By sending our submarine building industry to Japan, Tony Abbott is following in a rich conservative tradition begun by former PM Bob Menzies, writes Rodney E. Lever.
WHICH EVER WAY you look at the whole scenario of the Tony Abbott fiasco, there is still an inevitability about it because no leopard can change its spots.
There was a minor rebellion in the Liberal ranks – perhaps for the first time in their lives – but the major rebellion has been in voters' realisation that Abbott is nothing more than a dumb twat who wouldn't know what day it was if Peta Credlin wasn't there to tell him.
Those Liberal voters who watched in horror as their choice for prime minister finally revealed himself as an incompetent clown were just bit players in the whole exercise, but their response as the truth hit home is the real shock.
Liberal voters tend to be people from families who have always voted Liberal, following the habits of their past generations. They don't often pay too much attention to politics, are quite well off and see the working class as ... well ... the working class, wouldn't you know?
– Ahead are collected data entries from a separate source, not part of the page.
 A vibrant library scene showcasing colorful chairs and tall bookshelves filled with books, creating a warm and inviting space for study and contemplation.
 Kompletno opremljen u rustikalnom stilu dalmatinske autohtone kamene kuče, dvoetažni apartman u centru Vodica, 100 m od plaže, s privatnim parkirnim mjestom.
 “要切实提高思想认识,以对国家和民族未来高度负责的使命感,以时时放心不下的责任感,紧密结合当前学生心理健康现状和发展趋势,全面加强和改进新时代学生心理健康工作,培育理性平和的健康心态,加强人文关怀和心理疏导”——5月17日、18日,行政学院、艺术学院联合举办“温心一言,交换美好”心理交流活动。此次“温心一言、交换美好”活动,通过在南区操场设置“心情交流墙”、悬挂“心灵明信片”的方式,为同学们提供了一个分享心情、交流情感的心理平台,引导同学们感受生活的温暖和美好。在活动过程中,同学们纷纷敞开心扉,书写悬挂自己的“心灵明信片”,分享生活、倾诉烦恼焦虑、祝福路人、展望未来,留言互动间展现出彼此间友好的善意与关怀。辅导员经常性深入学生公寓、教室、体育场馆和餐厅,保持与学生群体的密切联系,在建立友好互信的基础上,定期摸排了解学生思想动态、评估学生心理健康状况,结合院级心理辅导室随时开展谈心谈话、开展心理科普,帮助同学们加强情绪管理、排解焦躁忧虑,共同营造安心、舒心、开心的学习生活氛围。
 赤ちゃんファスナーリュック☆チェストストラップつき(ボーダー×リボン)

After all, they are Labor Party people [sniff].
Liberals are not easily shifted from their basic beliefs that old Bob Menzies was a good fellow and not the kind of man who would turn the top half of our country over to the Japanese if they would allow him to keep the bottom half.
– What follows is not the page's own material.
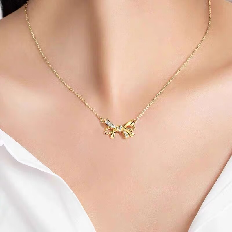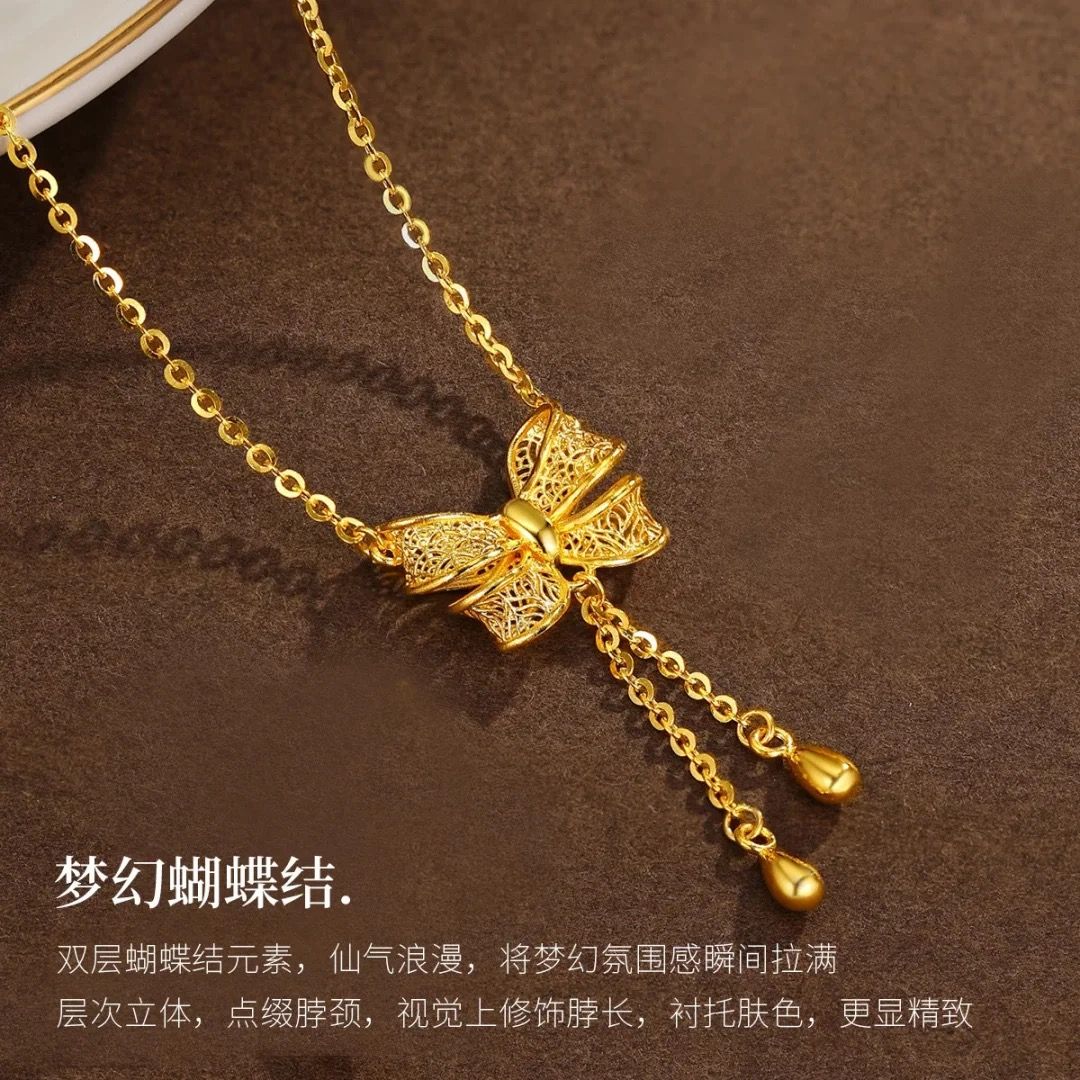 Only double positive gold necklace for women 2025 new pure gold pendant 18K color gold clavicle chain for girlfriend Fugitive Princess Necklace

"Pig iron Bob" the Labor party called him because he was selling scrap metal to the Japanese so they could build terrifying weapons for the war they knew was coming.
Now we have Submarine Tony.
From the Labor side, Bill Shorten made the best speech he has ever made and not a word of it came from notes. As an "off the cuff" it was brilliant and he would have gone on longer if Bronwyn had not crudely told him he had to stop because he had "run out of time."
She had the power to allow him to continue for a few minutes more. Imagine if Winston Churchill or Adolf Hitler had been told to shut up!
Abbott is furiously peddling his road bike straight to the slaughter house.
Macklin also wrote that the Rudd-Gillard battles were at least insider revolts at a time when the Labor Party was going through another of their own internecine squabbles, nothing like the 'rebellion of the people' that Abbott was facing.